Что дядя при смерти в постеле...

Пушкин был выслан на юг весной 1820 года. Онегин уехал из Петербурга тогда же. До этого «убил он восемь лет» в свете – значит, появился в обществе примерно в конце 1812 года. Сколько лет могло быть Онегину в это время? В пушкинских черновиках сохранилось прямое указание на этот счет: Онегин «шестнадцати не больше лет» появился в свете. Значит, Онегин родился в 1796 году, он старше Пушкина на три года. Встреча с Татьяной, знакомство с Ленским происходят весной и летом 1820 года – Онегину уже 24 года, он не мальчик, а взрослый мужчина, особенно по сравнению с восемнадцатилетним Ленским. Неудивительно поэтому, что он относится к Ленскому чуть покровительственно, по-взрослому смотрит на его «юный жар и юный бред».

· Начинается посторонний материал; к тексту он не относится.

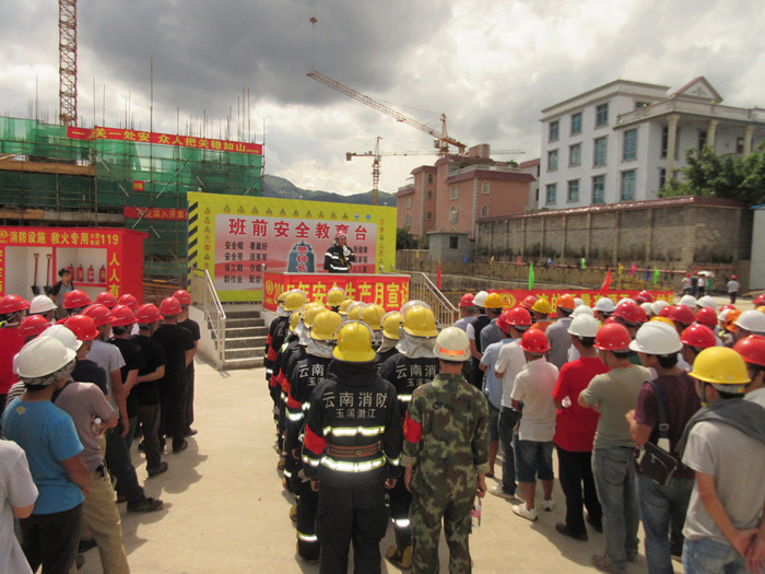 技術(shù)支持: 方森科技 根據(jù)國(guó)家、省市、公司安全生產(chǎn)月的有關(guān)規(guī)定,第三直管項(xiàng)目部積極響應(yīng)活動(dòng)要求,在6月26日組織撫仙湖北岸濕地安置房龍潤(rùn)園一期建設(shè)項(xiàng)目部開(kāi)展“火災(zāi)事故消防應(yīng)急演練”。玉溪撫投公司、澄江縣住建局、澄江縣15家建筑企業(yè)、澄江縣24個(gè)在建項(xiàng)目主要負(fù)責(zé)人均蒞臨現(xiàn)場(chǎng)觀摩指導(dǎo)。玉溪電視臺(tái)對(duì)此次演練進(jìn)行了報(bào)道。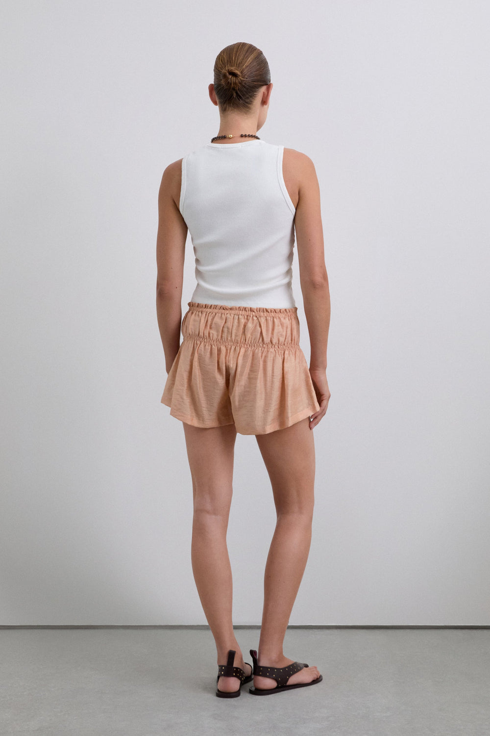 Shorts made of a textured fabric. Slightly stretchy smocked waist.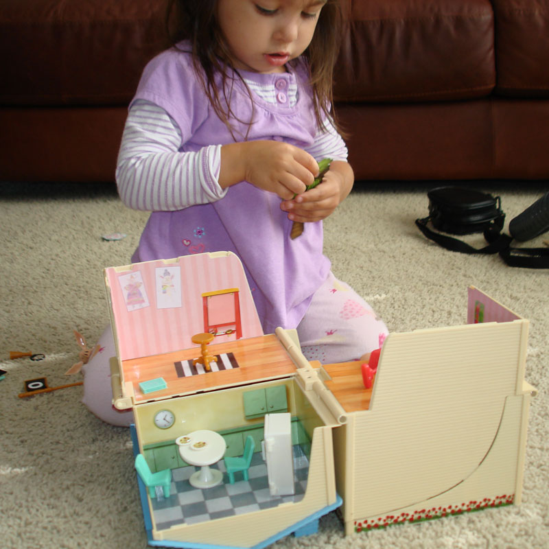 One of the positive things about the pirate ship is that it doesn’t come with accessories like cannons or weapons. The assortment is non-offensive; like no scary skull or crossbones flags. A 3-year old can convert the playset from house to pirate ship or vice versa very easily. But the latches are very flimsy. Good luck securing the latches on this toy! When Miss A carried the house with all the contents inside of it, the playset opened up and all the tiny accessories fell out. This happened a few times. Also, there are no other hands on deck, besides the little cute parrot. Olivia has no friends to share in her pirate adventures or to play in the house. There are permanent pictures of her family members in the windows of the house though. Miss A asked at one point, “Where is Ian?” Or even Julian would’ve been nice to play with since it is her best friend.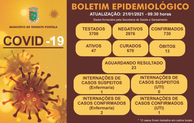 Boletim epidemiológico de Tenente Portela - Dia 21/01/21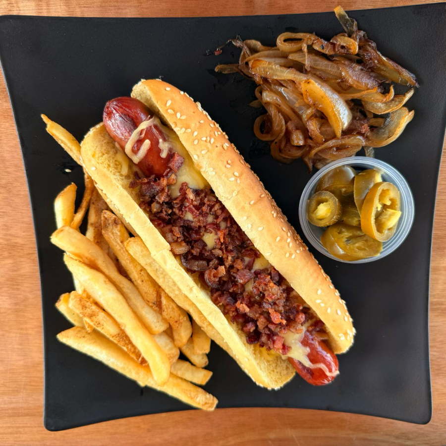 Pan extra grande, salchicha jumbo 100% de res, queso manchego gratinado, tocino picado doradito y los aderezos clasicos (mayonesa, catsup, mostaza), incluye 200gr de papas, chiles en vinagre y cebolla asada
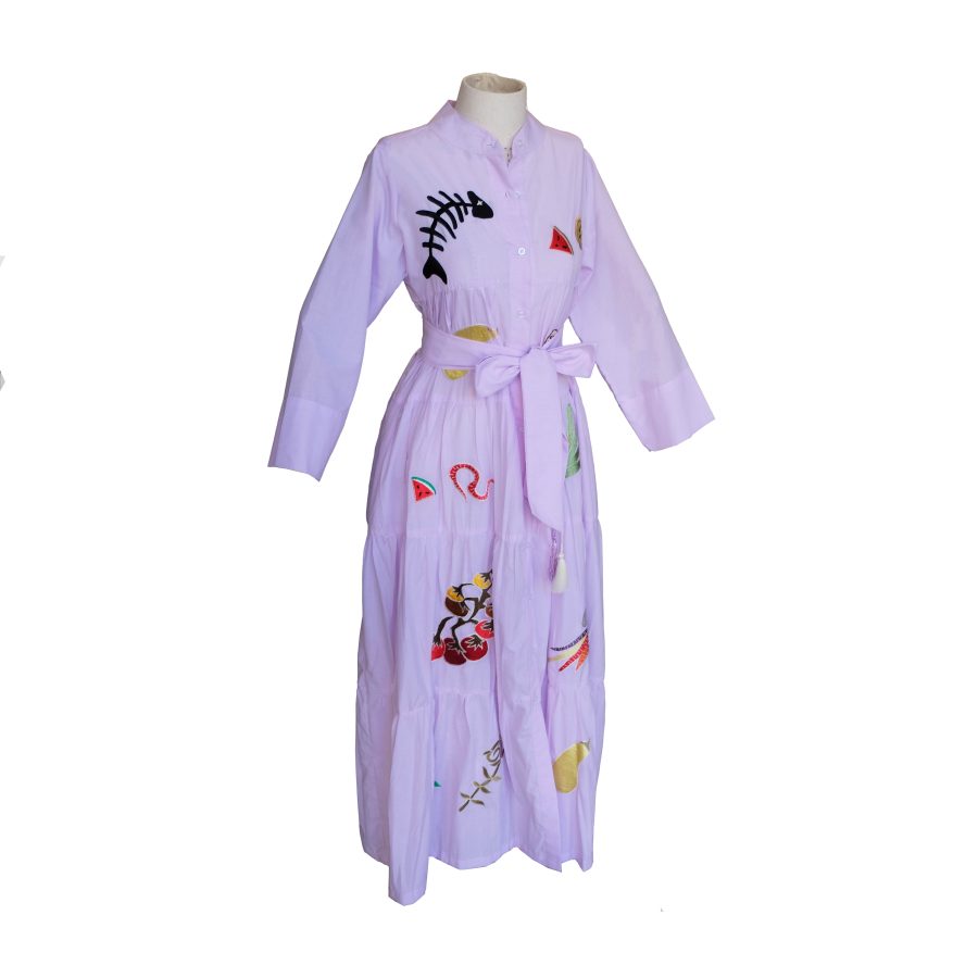 This dress is a striking fusion of artistry and organic inspiration, featuring meticulously embroidered fruits and vegetables across its fabric. The embroidery brings vibrant produce to life— tomatoes , olives, and other natural elements—stitched with rich, dynamic colors that contrast beautifully against the base material. The arrangement of these motifs gives the dress a unique sense of abundance and prosperity, making it a wearable celebration of nature’s bounty. The flowing silhouette enhances the movement of the embroidered details, while subtle embellishments add an extra touch of refinement. This piece is not only a testament to skilled craftsmanship but also a meaningful expression of culture and symbolism.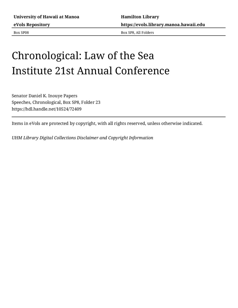 Law of the Sea Institute 21st Annual Conference, March 6, 1987, MANUSCRIPT-HCPC00011, Speeches, Chronological, Box SP8, Folder 23, Senator Daniel K. Inouye Papers, Hawaiʻi Congressional Papers Collection, University of Hawaiʻi at Mānoa Library, Honolulu, HI. https://congressarchives.org/catalog/10524_72409 (accessed March 20, 2026).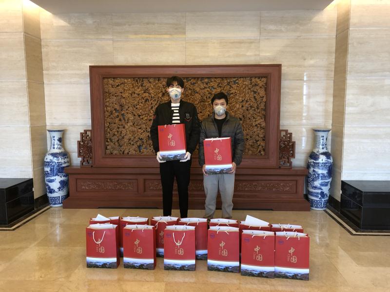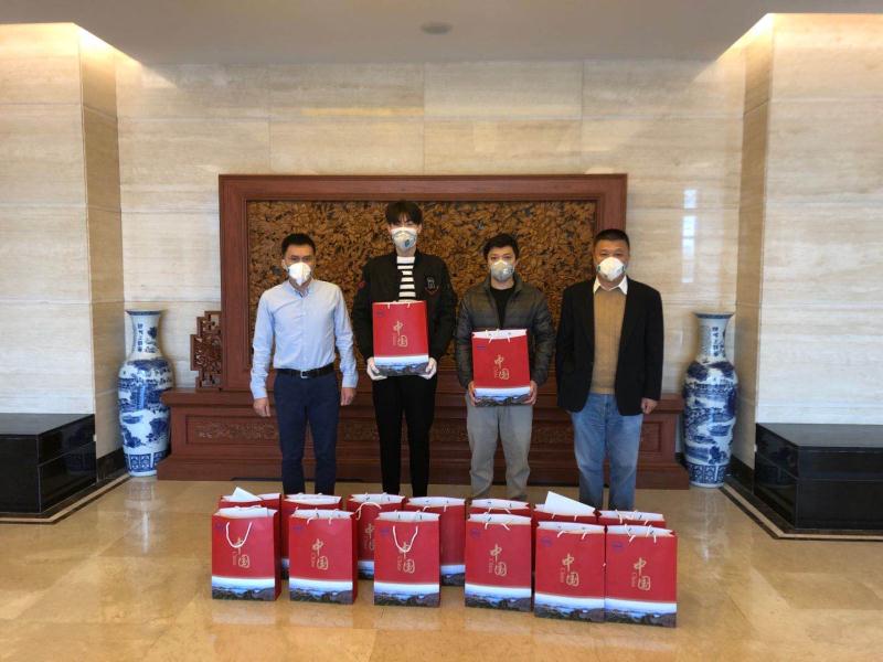 3月25日,中国驻伊朗大使馆王清军参赞和文化处负责人会见德黑兰大学留学生代表,并向留学生们发放了装有口罩、药品等防护用品的“健康包”。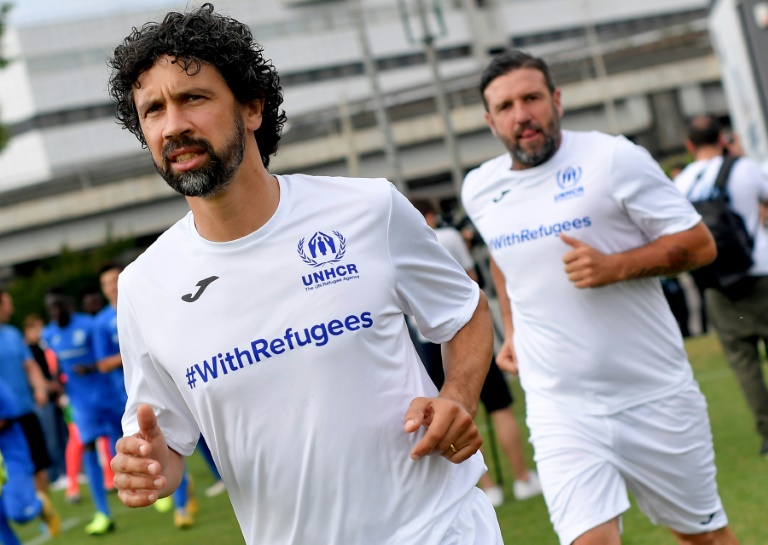 C'était la seconde édition de ce match baptisé #WithRefugees ("Avec les réfugiés") sous la forme d'une rencontre entre anciens champions du ballon rond et jeunes migrants, organisé dans le cadre de la journée mondiale des réfugiés célébrée le 20 juin.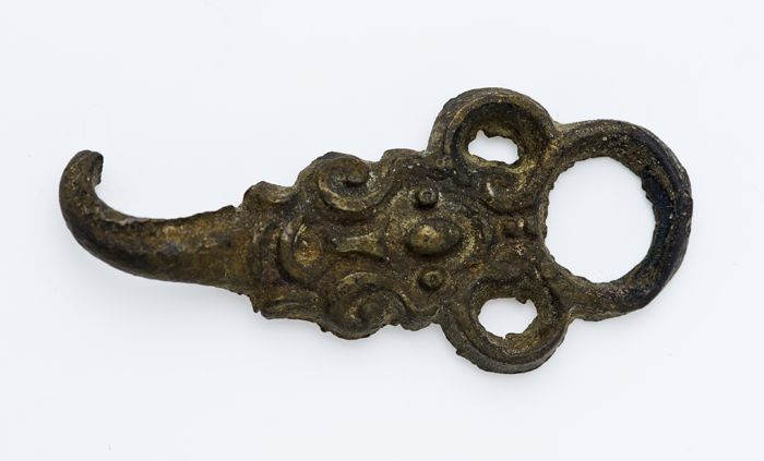 Kop van kleipijp met florale decoratie in reliëf op ...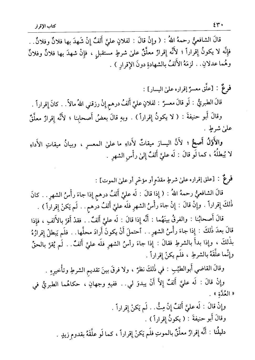 [فرع علق إقراره على شرط مقدم أو مؤخر أو على الموت]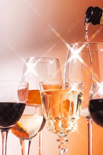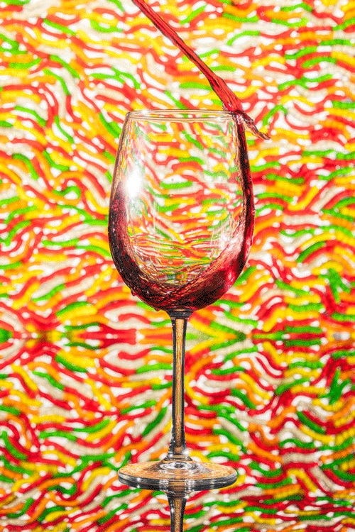A clear wine glass with red wine being poured into it, set against a vibrant, swirling multicolored background of red, green, yellow, and white.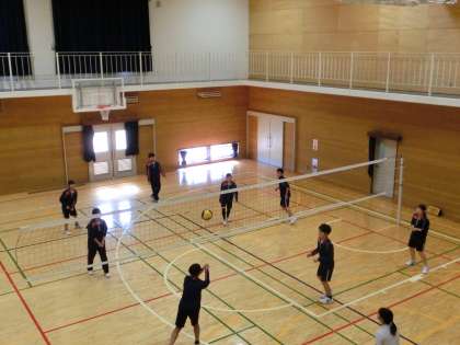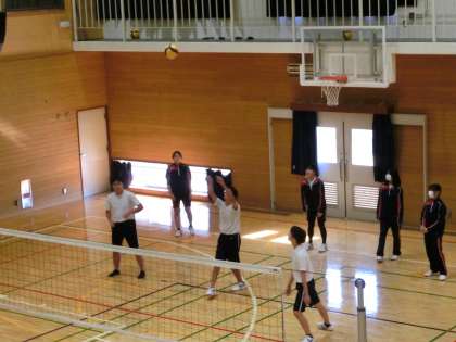 3年生の体育の授業では、バレーボールに取り組んでいます。今日は、チームで試合を行いましたが、男女共学の授業、男女混合チームでみんな仲良く楽しく授業に取り組んでいます。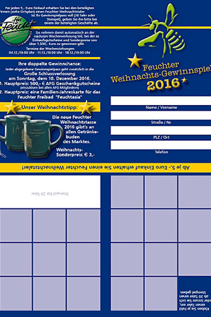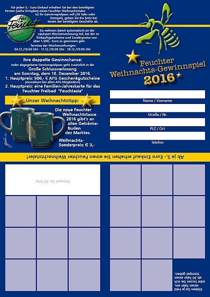 Das Feuchter Taler-Gewinnspiel der Einzelhändler und der Weihnachtsmarkt sorgten auch 2016 für ein gelungenes Ende eines ereignisreichen Jahres. Zur großen Freude der Budenbetreiber war der Markt an allen vier Wochenenden sehr gut besucht. Dazu veranstaltete der AFG am 1. Advent wieder einen verkaufsoffenen Sonntag. Spannender Höhepunkt des Marktes war die Ziehung der Gewinner beim Taler-Gewinnspiel. Wie immer gab es tolle Preise zu gewinnen.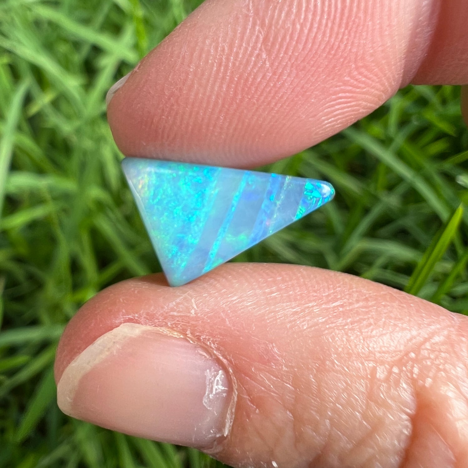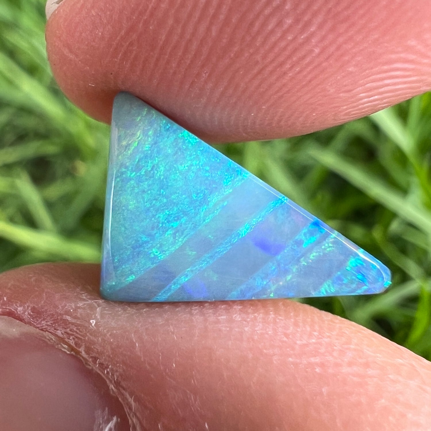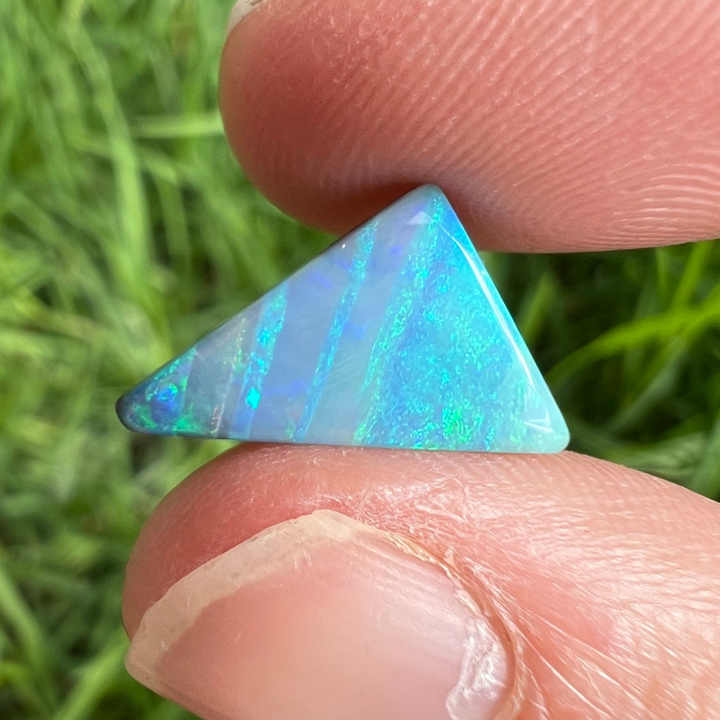 A very pretty ocean coloured boulder opal with a striped pattern.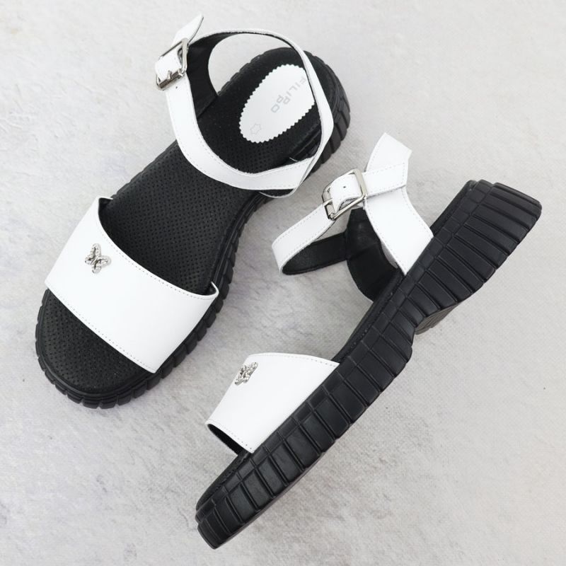 Damen-Ledersandalen mit dicker Sohle und Schmetterlingsdetail, weiß, Filippo DS6811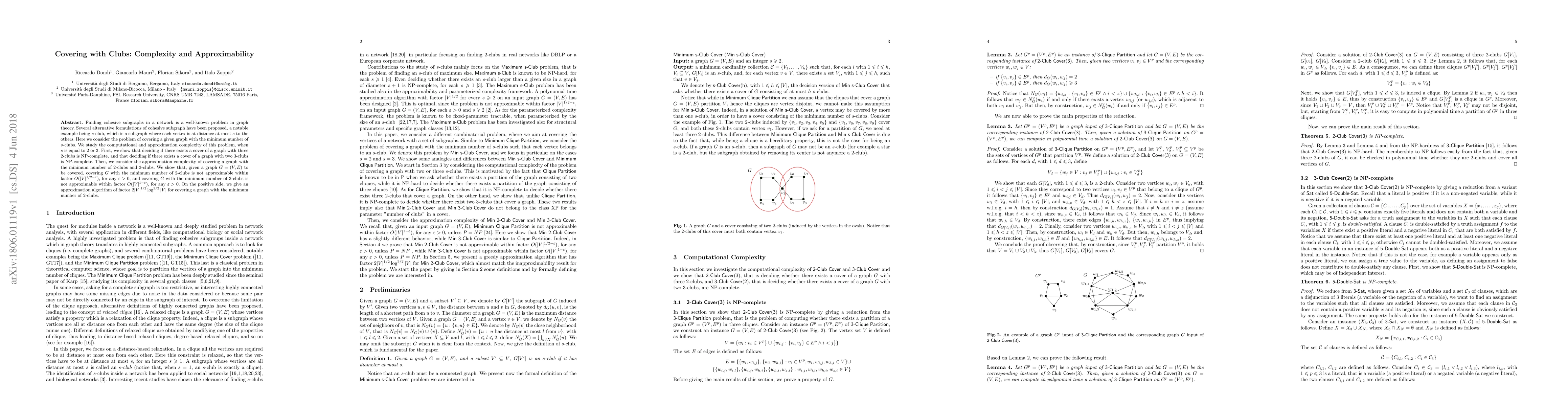 This paper investigates the computational and approximation complexity of covering a graph with the minimum number of $s$-clubs, where each vertex is at most distance $s$ from others. It proves NP-completeness for $s=2$ and $s=3$ and shows that covering with $2$-clubs and $3$-clubs is not approximable within certain factors. However, an approximation algorithm with a factor of $2|V|^{1/2}\log^{3/2} |V|$ is provided for $2$-clubs.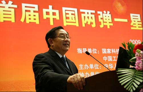 万钢部长在致辞中说,今年是新中国成立六十周年。这六十年,全国人民在中国共产党领导下,历经艰难、卓绝奋斗,取得了举世瞩目的伟大成就,谱写了自强不息的壮丽凯歌。其中,“两弹一星”就是这六十年中最为突出的一项成就,是六十年中最为震撼的一个章节。没有“两弹一星”,就没有我们今天的国际地位和民族尊严。
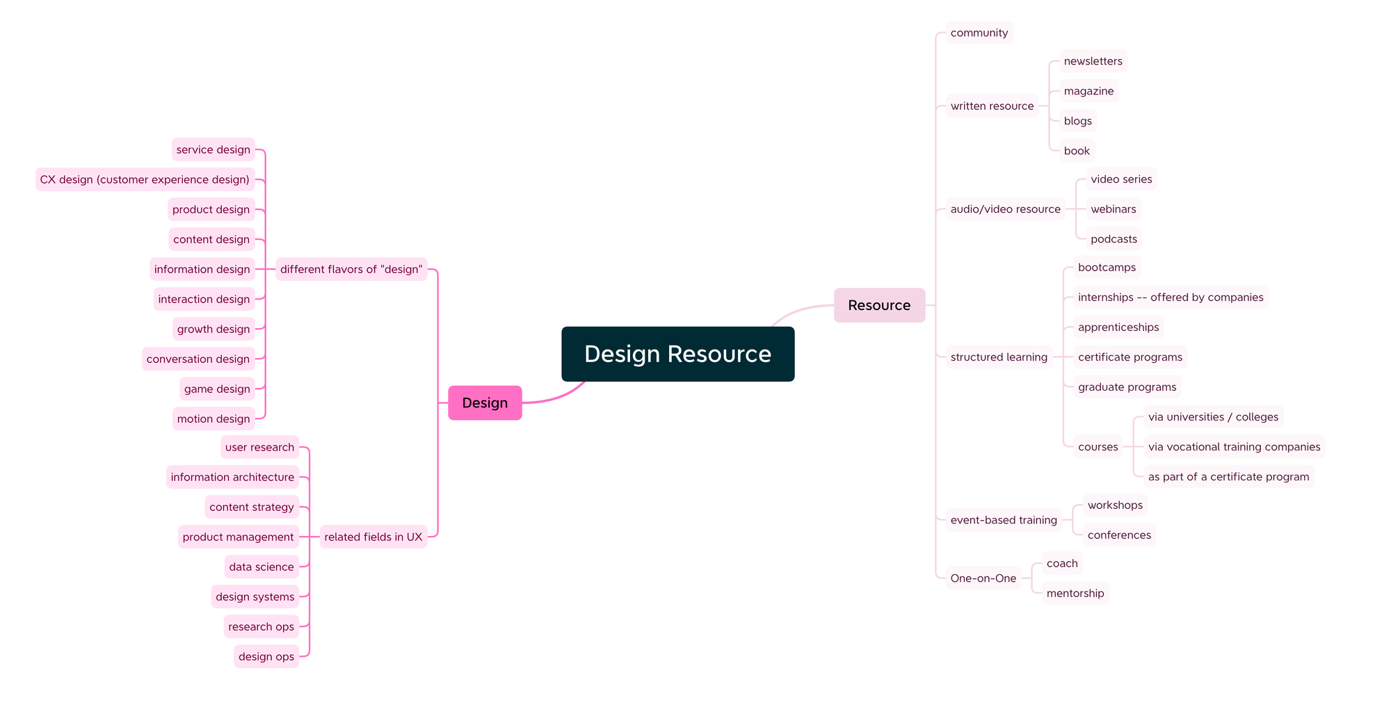 As information architects, designers, and taxonomists, we started to define what design was. It needed to be broad enough to include UX, product, content and research, but not too vague to include fashion design, built architecture, or environmental design. We might not include resources to learn about digital asset management systems, but we’d include things for learning about inclusive design, ethnographic research, and data science.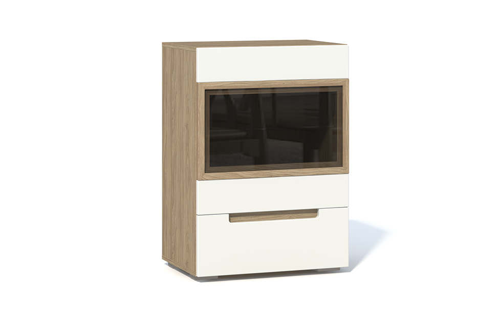- Комплектуются одной стеклянной полкой (в отделении за дверью со стеклянной вставкой) и выдвижным ящиком в нижнем отделении;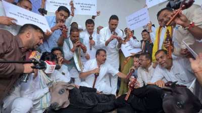 कांग्रेस ने विधानसभा में भैंस के सामने बीन बजाकर किया प्रदर्शन

Но ведь дело не только в возрасте. Пушкин, как мы уже видели, моложе Онегина на три года, а он мудрее, мировоззрение его более глубоко, более зрело. Легкое же отношение к жизни всегда в конце концов обходится дорого: и Онегину, и Ленскому – обоим предстоит расплата за свое не серьезное и не мудрое восприятие жизни. В пятой главе завязывается, возникает тот трагический конфликт, который приведет друзей к расплате. Один заплатит за свою наивную восторженность жизнью; другой – за свой эгоизм, за неумение думать о других людях – муками совести, горьким раскаянием, одиночеством, крушением всех надежд. Трагические события надвигаются – их неизбежность станет очевидной во время бала, на именинах Татьяны. Поэтому и глава была названа в пушкинском плане «Именины». Читатель еще не предвидит трагедии, но автор знает, что ждет героев впереди, – и с первых же строк пятой главы, таких спокойных, описательных, уточняет время, когда происходят события, – зима 1821 года.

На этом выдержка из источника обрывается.